But it would be nice to also have real examples that the students can act/draw out to verify their computations with the abstract pencil-and-paper manipulations. It struck me that turtle graphics could be one such example. Here's the idea:

Let's say that the turtle graphics group $\mathcal{T}$ is generated by elements $L,R,F,B$. In the typical setting of a turtle with a pen moving in the standard integer lattice in the plane, $L$ means to make a quarter turn left, $R$ a quarter turn right, $F$ move forward one step drawing e.g. a black line, $B$ move backward one step drawing e.g. a blue line. We'll keep track of the multiplicity of lines between the lattice paints, and let's say that black lines and blue lines along the same edge cancel. Then $L=R^{-1}$ and $B=F^{-1}$, and I think it follows that this is a group.

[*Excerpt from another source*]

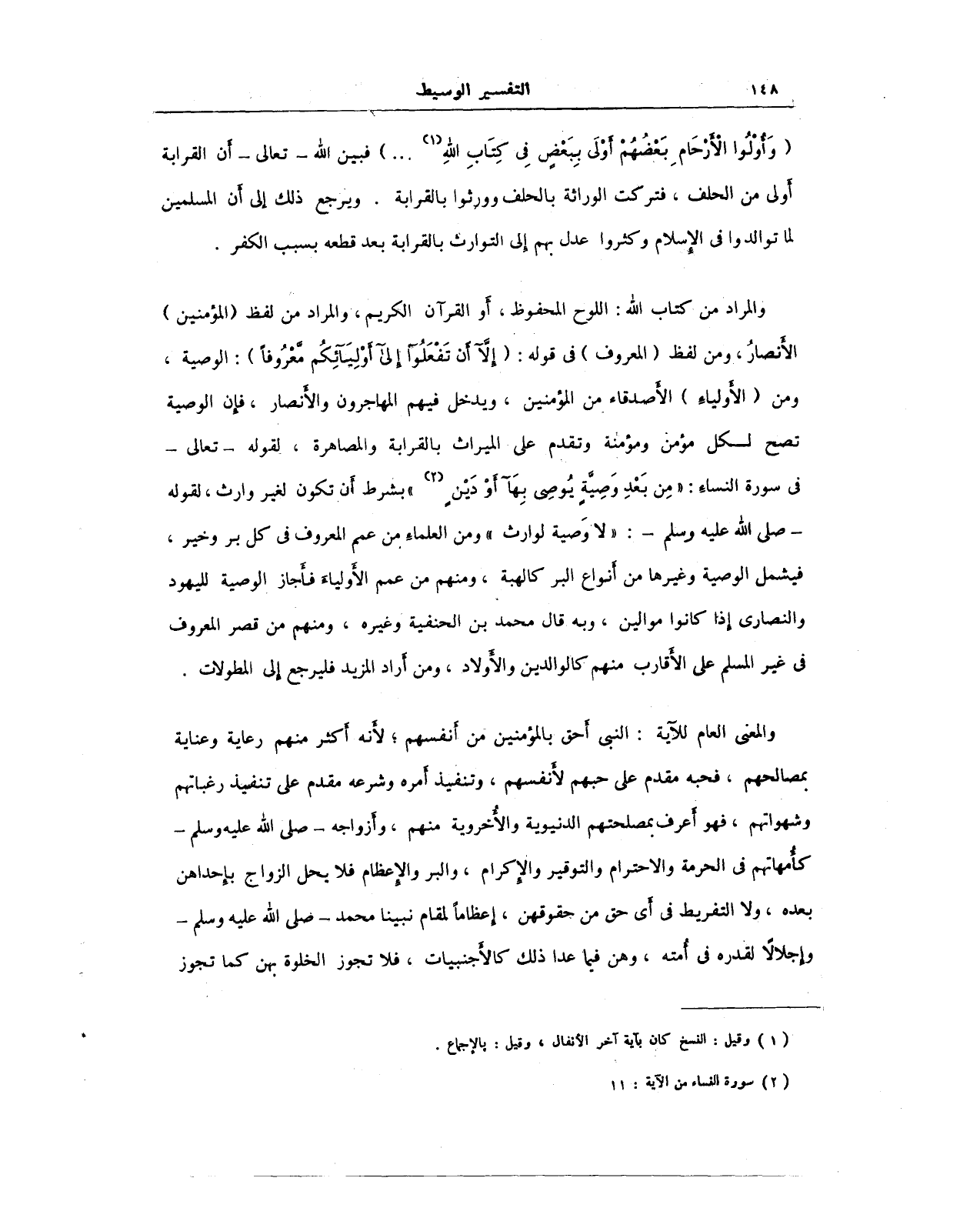 والمراد من كتاب الله: اللوح المحفوظ، أو القرآن الكريم، والمراد من لفظ (المؤمنين) الأَنصارُ، ومن لفظ (المعروف) في قوله: {إلَّا أَنْ تَفْعَلُوا إِلَى أَوْلِيَائِكُمْ مَعْرُوفًا}: الوصية، ومن (الأولياءِ) الأَصدقاء من المؤمنين، ويدخل فيهم المهاجرون والأنصار، فإن الوصية تصح لكل مؤمن ومؤمنة وتقدم على الميراث بالقرابة والمصاهرة، - لقوله - تعالى - في سورة النساء: {مِنْ بَعْدِ وَصِيَّةٍ يُوصَى بِهَا أَوْ دَيْنٍ (¬2)} بشرط أن تكون لغير وارث، قوله - صلى الله عليه وسلم -: "لا وَصية لوارث" ومن العلماءِ من عمم المعروف في كل بر وخير، فيشمل الوصية وغيرها من أنواع البر كالهبة، ومنهم من عمم الأولياء فأجاز الوصية لليهود والنصارى إذا كانوا موالين، وبه قال محمَّد بن الحنفية. وغيره، ومنهم من قصر المعروف في غير المسلم على الأَقارب منهم كالوالدين والأَولاد، ومن أراد المزيد فليرجع إلى المطولات.

Can anyone give a presentation for this group? I.e. what are the relators? It's clear that $R$ has order $4$ and $F$ has infinite order, so a presentation might start at $\mathcal{T}=\langle R,F \mid R^4,\dotsc \rangle$. But it's unclear to me whether $R$ and $F$ have any relation. Is the group in fact just the free product $\mathbb{Z}/4 * \mathbb Z$?


Edit: to make the question more rigorous along the lines of the comment from @Kyle Miller, there are a few things at play here. There is a monoid generated by the symbols $R$ and $F$. There is a set $D$ (for drawings?) that indexes possible states of the turtle graphics system. This set can be described as follows:

  • Let $V=\mathbb{Z^2}$ denote the set of integer points in the plane ($V$ for vertices). This is the set of possible positions of the turtle.

  • Let $E$ denote the set of edges in the standard square grid. If you like, the elements of this set are all intervals of the forms $\{x\} \times [y,y+1]$ and $[x,x+1] \times \{y\}$, where $x,y \in \mathbb Z$.

  • Then $D$ is the set $V \times \{0,1,2,3\} \times \mathbb{Z}^E$ where the first coordinate is the position of the turtle, the second is the turtle's orientation, and the third tells you how many times each edge has been drawn with multiplicity (positive for a forward step, negative for a backwards one).

Then there is an action $\langle R,F \rangle \to \operatorname{Sym}(D)$, and I suppose $\mathcal{T}$ is the group that is the image of this representation.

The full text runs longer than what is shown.